Exercise goal.
Please take the lines from the one holding "ЮХИДИ инспекторынын укучылар" through the one holding "ハーネス ベルト サスペンダー" in the data below and copy them exactly.

The data.
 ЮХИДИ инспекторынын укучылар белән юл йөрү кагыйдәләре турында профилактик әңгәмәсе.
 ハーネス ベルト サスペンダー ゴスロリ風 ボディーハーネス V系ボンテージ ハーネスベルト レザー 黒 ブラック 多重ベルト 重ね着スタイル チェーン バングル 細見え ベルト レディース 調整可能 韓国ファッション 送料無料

==

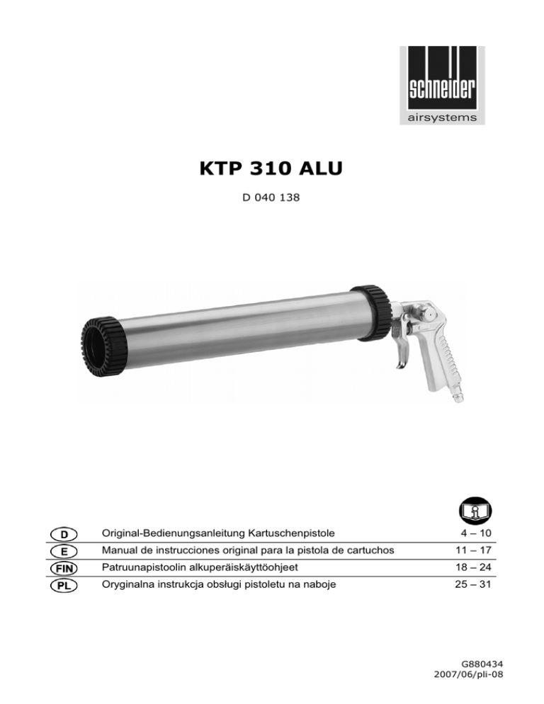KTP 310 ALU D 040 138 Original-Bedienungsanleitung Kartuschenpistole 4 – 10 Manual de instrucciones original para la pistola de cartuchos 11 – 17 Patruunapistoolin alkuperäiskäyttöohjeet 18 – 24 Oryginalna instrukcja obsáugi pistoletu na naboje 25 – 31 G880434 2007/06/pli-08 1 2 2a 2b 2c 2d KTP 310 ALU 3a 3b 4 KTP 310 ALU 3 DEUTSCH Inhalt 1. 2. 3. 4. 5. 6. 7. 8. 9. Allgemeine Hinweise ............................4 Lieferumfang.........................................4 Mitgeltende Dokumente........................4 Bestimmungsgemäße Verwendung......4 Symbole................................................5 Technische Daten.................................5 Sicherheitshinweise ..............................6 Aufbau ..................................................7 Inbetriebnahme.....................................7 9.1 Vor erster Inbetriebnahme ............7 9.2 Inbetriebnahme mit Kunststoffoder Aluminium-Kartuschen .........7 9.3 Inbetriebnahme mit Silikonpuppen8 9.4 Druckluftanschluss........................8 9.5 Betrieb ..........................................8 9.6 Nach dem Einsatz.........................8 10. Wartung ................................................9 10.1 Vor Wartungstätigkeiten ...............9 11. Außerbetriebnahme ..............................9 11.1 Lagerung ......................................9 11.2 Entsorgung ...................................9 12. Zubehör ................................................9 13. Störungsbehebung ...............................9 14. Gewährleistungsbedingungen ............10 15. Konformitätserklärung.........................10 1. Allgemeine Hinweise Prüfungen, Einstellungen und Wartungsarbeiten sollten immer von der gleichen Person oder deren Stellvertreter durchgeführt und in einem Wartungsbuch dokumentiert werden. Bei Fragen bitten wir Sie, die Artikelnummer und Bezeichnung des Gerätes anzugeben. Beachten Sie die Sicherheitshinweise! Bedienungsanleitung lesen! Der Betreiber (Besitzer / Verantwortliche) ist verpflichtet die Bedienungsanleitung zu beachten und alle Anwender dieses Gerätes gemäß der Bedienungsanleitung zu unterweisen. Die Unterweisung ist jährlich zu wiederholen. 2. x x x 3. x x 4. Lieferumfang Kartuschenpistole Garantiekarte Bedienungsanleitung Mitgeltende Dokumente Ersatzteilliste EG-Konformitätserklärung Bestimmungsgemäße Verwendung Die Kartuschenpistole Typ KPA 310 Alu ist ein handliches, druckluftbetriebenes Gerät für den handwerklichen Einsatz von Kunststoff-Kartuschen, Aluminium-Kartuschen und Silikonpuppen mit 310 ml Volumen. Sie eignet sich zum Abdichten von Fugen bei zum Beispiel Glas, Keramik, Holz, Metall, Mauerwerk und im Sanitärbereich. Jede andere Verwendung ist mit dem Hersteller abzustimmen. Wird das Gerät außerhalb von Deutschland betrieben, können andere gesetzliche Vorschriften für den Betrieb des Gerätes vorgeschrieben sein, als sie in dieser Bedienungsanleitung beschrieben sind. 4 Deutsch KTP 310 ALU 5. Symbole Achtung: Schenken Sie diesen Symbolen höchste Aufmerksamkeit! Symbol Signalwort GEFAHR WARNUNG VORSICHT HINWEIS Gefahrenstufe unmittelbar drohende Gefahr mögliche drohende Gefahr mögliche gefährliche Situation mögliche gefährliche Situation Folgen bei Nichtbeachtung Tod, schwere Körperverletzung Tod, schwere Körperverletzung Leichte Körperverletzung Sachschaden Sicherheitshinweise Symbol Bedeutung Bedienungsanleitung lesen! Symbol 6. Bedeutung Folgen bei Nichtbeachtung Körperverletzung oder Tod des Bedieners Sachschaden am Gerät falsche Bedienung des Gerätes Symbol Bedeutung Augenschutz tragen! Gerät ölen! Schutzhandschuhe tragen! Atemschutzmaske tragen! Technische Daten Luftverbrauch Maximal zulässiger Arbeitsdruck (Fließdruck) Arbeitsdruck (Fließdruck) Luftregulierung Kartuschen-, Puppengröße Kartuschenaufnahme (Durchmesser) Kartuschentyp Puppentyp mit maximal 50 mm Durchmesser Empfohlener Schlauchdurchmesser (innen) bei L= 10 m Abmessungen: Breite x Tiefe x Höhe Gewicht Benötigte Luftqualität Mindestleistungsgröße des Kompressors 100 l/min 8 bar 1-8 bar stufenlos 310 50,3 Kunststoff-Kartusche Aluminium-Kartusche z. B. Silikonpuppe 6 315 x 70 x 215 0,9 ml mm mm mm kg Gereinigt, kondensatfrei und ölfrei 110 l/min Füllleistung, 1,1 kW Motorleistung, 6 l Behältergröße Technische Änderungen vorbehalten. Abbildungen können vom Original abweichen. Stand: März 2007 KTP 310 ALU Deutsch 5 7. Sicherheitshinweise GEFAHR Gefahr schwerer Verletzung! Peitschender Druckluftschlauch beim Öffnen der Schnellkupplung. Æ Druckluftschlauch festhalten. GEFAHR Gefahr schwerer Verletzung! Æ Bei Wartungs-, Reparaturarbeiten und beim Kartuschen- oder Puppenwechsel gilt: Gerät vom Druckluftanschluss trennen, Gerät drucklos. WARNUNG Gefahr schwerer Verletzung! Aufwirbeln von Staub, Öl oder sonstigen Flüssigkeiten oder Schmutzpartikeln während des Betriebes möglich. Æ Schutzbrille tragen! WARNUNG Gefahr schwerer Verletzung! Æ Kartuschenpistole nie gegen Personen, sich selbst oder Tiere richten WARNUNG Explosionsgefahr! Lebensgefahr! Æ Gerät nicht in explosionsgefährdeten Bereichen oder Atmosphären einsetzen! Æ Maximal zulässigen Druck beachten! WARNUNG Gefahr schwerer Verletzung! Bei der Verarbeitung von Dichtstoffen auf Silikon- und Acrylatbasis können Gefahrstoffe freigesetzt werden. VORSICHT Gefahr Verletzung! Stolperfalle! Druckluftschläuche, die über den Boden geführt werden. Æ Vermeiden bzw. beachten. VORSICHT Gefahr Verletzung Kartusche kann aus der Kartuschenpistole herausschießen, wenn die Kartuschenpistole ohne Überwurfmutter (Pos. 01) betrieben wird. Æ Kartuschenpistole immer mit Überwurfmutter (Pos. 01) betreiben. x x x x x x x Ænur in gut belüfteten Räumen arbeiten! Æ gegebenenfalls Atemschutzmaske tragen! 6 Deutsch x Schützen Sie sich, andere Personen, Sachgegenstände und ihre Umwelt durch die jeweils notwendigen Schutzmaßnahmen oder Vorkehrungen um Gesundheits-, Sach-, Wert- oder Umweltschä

Task result.
 ЮХИДИ инспекторынын укучылар белән юл йөрү кагыйдәләре турында профилактик әңгәмәсе.
 ハーネス ベルト サスペンダー ゴスロリ風 ボディーハーネス V系ボンテージ ハーネスベルト レザー 黒 ブラック 多重ベルト 重ね着スタイル チェーン バングル 細見え ベルト レディース 調整可能 韓国ファッション 送料無料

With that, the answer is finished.